Moving along to chapter six of the first part, West reminds us that the Founding idea was that government was created by the consent of the governed, and is sustained only by the continuing consent of the governed. There are at least three kinds of consent:
1) The initial formation of the social contract;
2) Period elections of representatives, which provide the citizenry with the chance to alter the government's membership according to their will;
3) The right to withdraw consent, i.e., the right of revolution should the government fail to abide by the contract of (1) or the fair elections of (2). (Today we will only treat (1) and (2).) In the absence of a declared withdrawal of consent, consent is supposed to be sufficient.

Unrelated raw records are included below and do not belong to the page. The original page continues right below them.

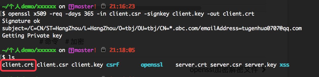 openssl x509 -req -days 365 -in client.csr -signkey client.key -out client.crt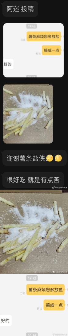 买盐还送你薯条吃。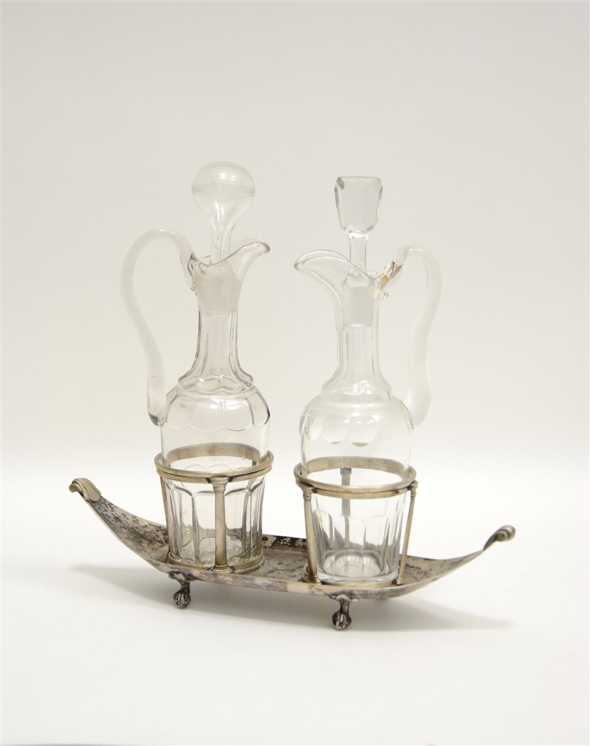 Porta-cruet a barca in argento con anse stilizzate e piedi ferini. Marchio di Napoli. Secolo XIX (g 500 ca.)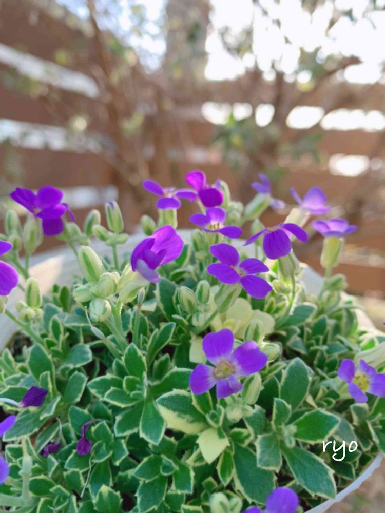 いつも素敵なお花さん🌸🌸🌸🌿オーブリエチアバリエガーラピス葉っぱが班入の小花可愛い〜です🌸😊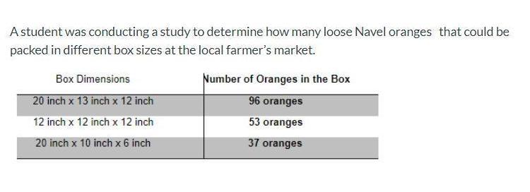 Roughly, the ratio of cubic inches to oranges is 32.5 cubic inches per orange.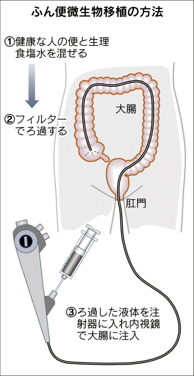 研究グループは難治性の偽膜性腸炎にCDに有効な抗生物質を投与するのと同時に、健康な人の糞便を水に溶かし、残渣を濾し採った液を口からチューブを入れて小腸に注入するという方法で多くの改善をみたという。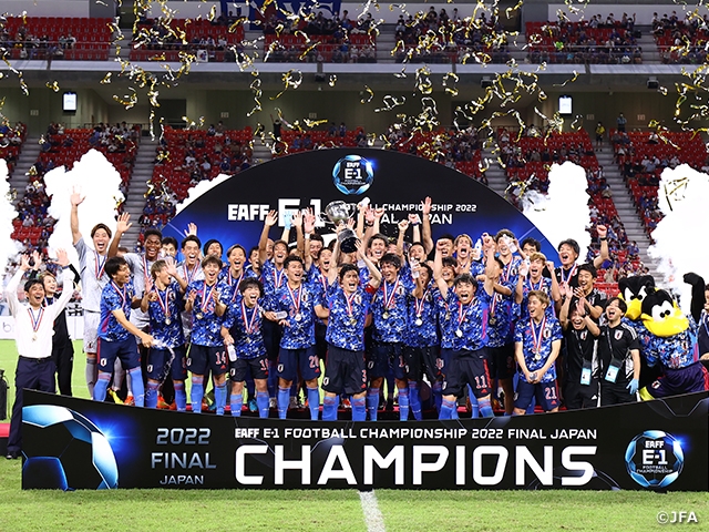 From the moment the players were assembled, they worked hard every day with the goal of winning the title. Despite the fact that many of the players were working together for the first time, the players managed to function well as a team in a short period of time, because they actively communicated with each other, both on and off the pitch. The coaches did their best to prepare the players to get on the same page and the team staff supported the inexperienced players, so it was great to see everyone's efforts paying off in the end. Despite all the pressure, the players never lost their composure, and showed their determination to win the game. They worked hard from start to finish and scored three great goals. The players also worked well as a team, bringing out the best in each other to create good chances upfront. Machino and Nishimura both played a key role to initiate the team’s defence, as they led by working hard from the front line. We did not necessarily change our approach throughout the competition. Although we struggled to score goals in our second match, we showed lots of improvement in defence compared to our first match. From the second to third match, we managed to raise the quality of our combinations in both offence and defence. By winning this tournament, the players were able to showcase their capabilities and raise the value of the J.League and the players who play in the league. There were several players we would like to include in our tour in September and a number of them would be in consideration for the World Cup squad. I would like to make a series of observations to gather information on the players and make the decision. I am very happy with our first title. It is the result of the hard work of the players and staff. But our ultimate goal is to make history at the World Cup in Qatar, so we are not going to get carried away until then.

In his discussion of (2), West approaches one of the criticisms leveled against the Declaration: that it is not a democratic document per se, but would allow for any form of government that would secure natural rights. West argues that this view is wrong, as the Declaration's complaints against the king include specific complaints that he refused to honor their democratically elected legislatures. He ignored their decrees, and he taxed without their consent, and this anti-democratic character of his rule is part and parcel of the violation of natural rights.
Why should this be so? When people move out of the state of nature by creating a government, they might consent to many potential forms. Locke -- West does not mention -- cites the story of Jeptha from the Book of Judges to give an early account of how this might work. (This is in Locke's First Treatise on Government, which almost no one reads; everyone reads the Second). As long as everyone consents to the bargain, and the new authority secures their rights, isn't the bargain fair?
West thinks that the Founders did not think so. He says that the idea of representation is so central to their concept of what just government looks like that it constitutes an entire second criterion to what the Founders thought just governance was about.
This is not a view I've held myself, but I can see where he is going with it. I have tended to say, "The sole legitimate function of government, according to the Declaration of Independence, is to secure the natural rights of the people." West's argument is that a just government actually has to do two things, according to the Declaration: it has to secure natural rights effectively and not subvert them, but it also has to ensure the people are able to fairly elect representatives who will provide the ongoing consent that the nation requires.
If so, this is definitely an outgrowth of the British tradition of which the Founders were part. The kings of England and the United Kingdom slowly lost their ability to rule without the consent of Parliament, especially in matters of taxation. The presence of representatives fairly elected, without whose consent the king could not act, is a feature the British kings unsuccessfully resisted. It is plausible that to a British national of the eighteenth century this concept of being due representation was as fundamental as the concept of natural rights. Without representatives, there is no guarantee that initial consent will continue; if stripped of honest representation, the people have every right to withdraw from the contract.
Note that this representation is legislative in character. The executive need not be elected; he might even be a king, or he might be elected indirectly as in our Constitutional order. The legislature is where our right to representation firmly resides, as it was the legislature that was supposed to be the first and most powerful branch. The First Amendment begins "Congress shall make no law..." because if Congress cannot make the law, the executive cannot enforce the law, and the courts cannot try cases regarding that law.
Our whole system has slipped out of gear on that issue. Since the New Deal's establishment of a vast Federal bureaucracy, the production of laws has become more a matter of executive rule-making than formal legislation. Courts have set themselves up to create interpretations of laws that are in effect new laws, thus legislating from the bench. The actual legislatures have far less power than designed, and the demon of being subject to legislation without representation has escaped.
The legislature is where our right to representation firmly resides, as it was the legislature that was supposed to be the first and most powerful branch. Yeeaah... well, maybe.
ReplyDeleteThe federal Congress was founded to represent the States as "states" AND the people/voters of the Republic. Until the 17th, that's what we did. House for the commons, Senate for the experts.
When the experts sold their influence in exchange for bribes, or when divisiveness was so bad the state legislatures couldn't do their thing (form a quorum, maybe -- as Texas suffers today and Wisconsin a few years back) then the federal Senate had vacant seats. I'm not sure that wasn't more a feature than a bug. Corrupt and compromised Senators might well be inferior to vacant seats. And the 19th century solution championed by that era's "mainstream media" (The Hearst empire) has proven little better.
True, but the Senators were themselves elected (prior to the 17th) by representatives directly elected by the people of their state. It was more like the Electoral College in this regard -- not an elimination of this method of consent, but a buffer between the people (or the mob, which close students of Rome like the Founders were feared) that hoped to install especially virtuous people in the position of finally making the choice. Still, those especially virtuous people were themselves the chosen representatives of the people.
ReplyDeleteThis is a strange thing; I've always assumed representation was included as part of consent, so I feel like I have already read West. It has just always seemed part and parcel of it, to me. So far, his views are ones I've held for a long time.
ReplyDeleteThe one difference I can think of so far was his equation of liberty and equality. That was new for me.